On the other hand, Detroit Tiger's manager Jim Leyland says, "I'm a guy who doesn't believe in momentum in baseball. Momentum is your next day's pitcher." The New York Time's polling analyst, Nate Silver, makes a similar point about elections. "Momentum…ought to imply that a candidate is gaining ground in the race—and, furthermore, that he is likely to continue to gain ground," says Silver. "As a thesis or prediction about how polls behave, this notion is a bit dubious… a candidate who gains ground in the the polls in one month…is no more likely to do so during the next one."

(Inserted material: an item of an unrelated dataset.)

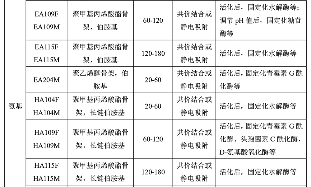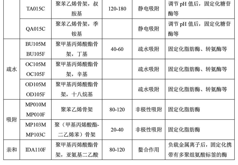 爭光現已自主研發出具有多種骨架、孔結構和結合基團類型較為齊全的系列固定化酶載體,共有環氧、羥基、氨基、疏水、吸附和親和共六大類、二十余個品種。固定化酶載體產品具有粒度均勻、結構可控、載酶活力高、批次穩定性好、機械強度優等特點,可固載多種生物酶,以滿足不同行業領域、不同使用環境下的生產應用和科學研究等的固定化需求。

Yesterday's pitching fiasco means nothing about your chances the next day. Yesterday's bad poll numbers do not predict whether you will be up or down today. The human mind is conditioned to search for clues that will help us predict what will happen next in our world, so we seek trends and directions, even when past performance tells us nothing about the future. Here is where the manager and the political commentator agree: The past does not determine the present.
What is true in baseball and elections is also true in our lives. We often look at the things we have done in the past and draw conclusions about what that must mean for our future. This is the thinking both of the addict and the megalomaniac. We have the ability to turn everything that has gone badly in our lives into a reason to believe that we are worthless and incapable of being any different. We also have the ability to turn everything that has gone well into evidence that we are invulnerable and infallible. Neither is true.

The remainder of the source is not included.